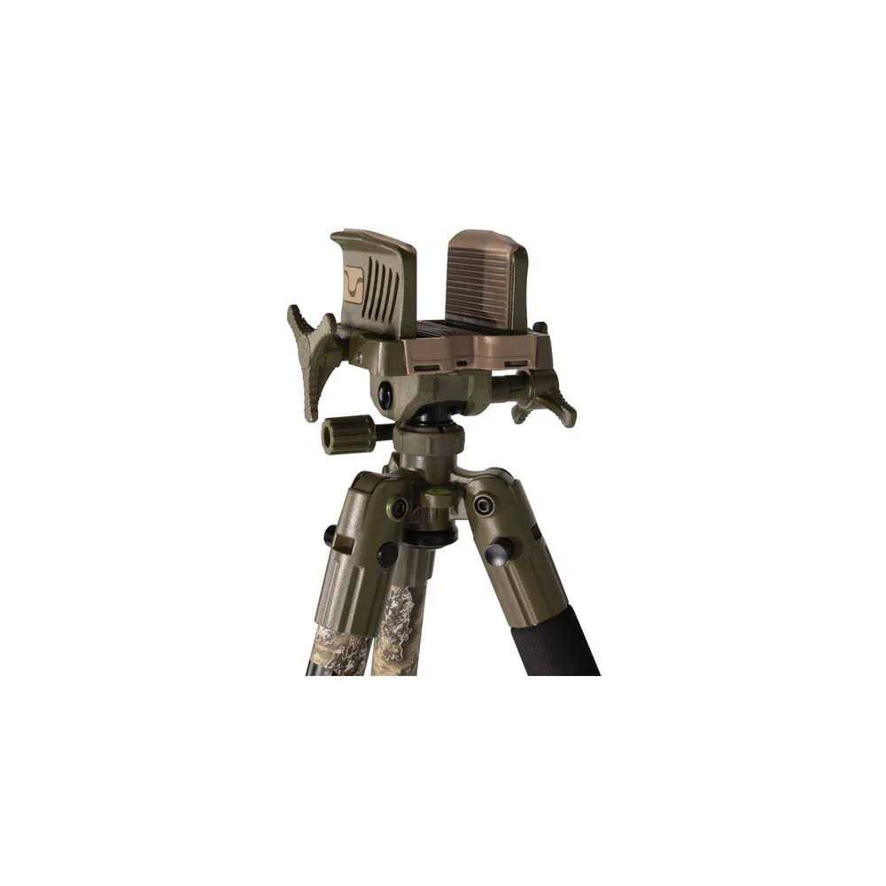 The Battenfeld BOG Deathgrip Carbon Fiber Tripod is engineered to be the most stable shooting platform on the market. Carbon fiber is 15 percent lighter and 17x stronger than aluminum. It secures any weapon for hands-free use and features an integral bubble level. Retractable steel spikes secure into virtually any terrain. The three-position leg lock is great for prone, kneeling, sitting and standing positions. It also features up to 72 inches of height adjustment.
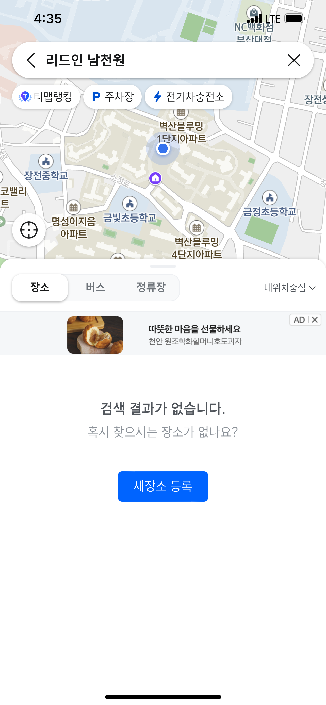 새장소 등록하기 아래에 나와요
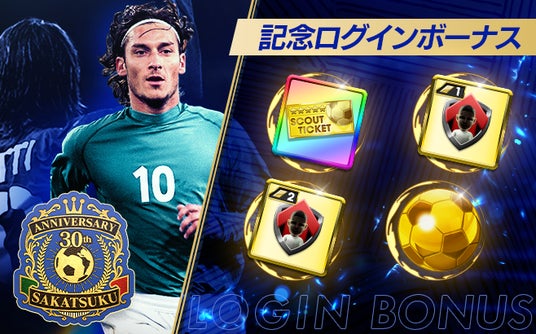 期間中のログインで、今回の“SAKATSUKU 30th Anniversary LEGEND SCOUT”にもラインナップされた「フランチェスコ・トッティ」などの選手たちの★4バージョンが合計で7人獲得できます。
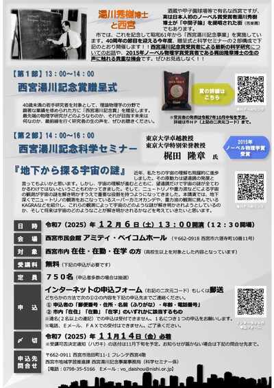 今年度は西宮市制100周年 西宮湯川記念事業40周年を記念して、下記のとおり実施いたします。

◆ EXERCISE INSTRUCTIONS ◆
Extract exactly the lines above from the line containing "30th Anniversary LEGEND" through the last one, both ends included, but not the pictures.

◆ ANSWER AREA ◆
 期間中のログインで、今回の“SAKATSUKU 30th Anniversary LEGEND SCOUT”にもラインナップされた「フランチェスコ・トッティ」などの選手たちの★4バージョンが合計で7人獲得できます。
 今年度は西宮市制100周年 西宮湯川記念事業40周年を記念して、下記のとおり実施いたします。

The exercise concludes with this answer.